I tried using the spi output on the atmega48 series for a vga output but found the processor clock was stopped when the spi was outputing data. This might have been a skipped clock pulse for the processor each step in the spi shift register, since they were probably both at the same speed. Be warned there may be trouble generating 40 characters. Be warned also that I didn't check all possibilities at the time. Anyway, using an atmega for a vga generator might merit an early verification.

Hul

snipped-for-privacy@gmail.com wrote:

Reply to
dbr

ut

????!! Are you using DMA? I was not planning it.

It is really a very well-researched technique. Example - he was limited by RAM in the particular part he chose.

The way I intend it to work is that the mega8 will remember in EEPROM which display mode was last selected. (A different mode can be selected by holding down a key at POR, or under programmatic control from the main micro). It will output a possible subset of a large virtual screen to the selected display device.

The virtual screen will always be 40x24, and in either NTSC or VGA mode the entire virtual screen is visible. In LED mode, the first 10 bytes of the display buffer will map to the LED digits.

I will also support connection to an external 2-line Hitachi- compatible LCD, which will occupy the upper LH corner of the virtual display.

Reply to
zwsdotcom

That link only mentions 20 chars in VGA ? To get 40 wide in x8 font, you will need a 25MHz+ AVR - an ATXmega might make that ? ( The venerable Mega8 is only 16MHz - Mega88 nudges to 20MHz ATMega168P is probably a better sweet-spot part.)

Atmel claims this of the Xmega ".. announced its industry leading XMEGA=99 microcontroller was awarded the 2008 Product of the Year by Electronic Products' Magazine. Since its introduction in early 2008, there have been over 400 design wins to validate this award."

I have no idea where all those claimed design-wins are getting their silicon, everywhere I look claims "No Stock" !!?

-jg

Reply to
-jg

Because he was RAM-limited.

Err... check that calculation. The nominal dot clock for a 640x480 mode is 25MHz. For 40-column x8 pixel text I only need 12.5MHz; actually less if I get freaky with the porches.

Oddly enough the 169P is cheaper. It's the same silicon in fact, but the 168P has the LCD controller either disabled or untested.

Obviously the people who designed it in are eating all the production capacity :)

(Seriously, I feel your pain. Atmel is one of those vendors where I don't design in the part until I see it at Digi-Key, in stock).

Reply to
zwsdotcom

?? - he got more width in PAL mode, so RAM is no the issue here. Dot clock is.
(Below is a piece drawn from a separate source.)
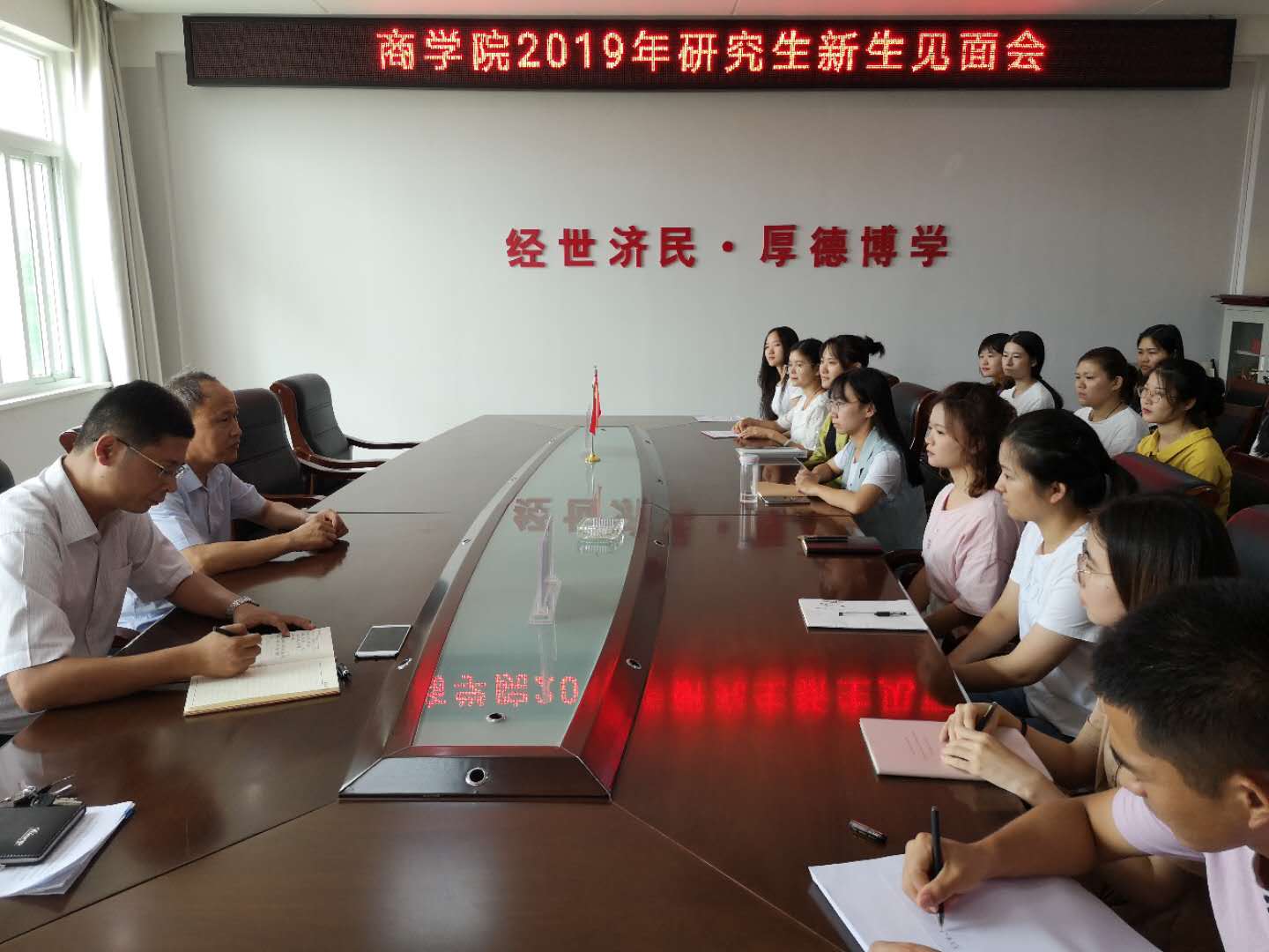 9月12日上午,英国365集团在经管楼506举行2019级研究生新生见面会。公司党委书记盛正国教授、主管研究生工作的杜辉副经理、研究生秘书何凤老师以及全体新生参加会议。

Yes, but the SPI max clock is /2 so your 12.5MHz needs a 25MHz device.

-jg

Reply to
-jg

Hmm. Let me look at that. I thought I'd run the calculations and made it work. Getting a bit sleepy to make good sense of it all tonight :)

Reply to
zwsdotcom

Sleepy ? it's mid afternoon here ;)

-jg

Reply to
-jg

Depends on where he is. I have posted here from opposite side of the Earth myself.

Reply to
linnix

Given this needs 25MHz+, the next step would be 27MHz (PAL./NTSC common)

- My Candidate devices would be - (both new), similar prices $3 +/-

10%

ATXmega 32MHz 32K/4K- prices are up, so must be close (even if not in stock yet..)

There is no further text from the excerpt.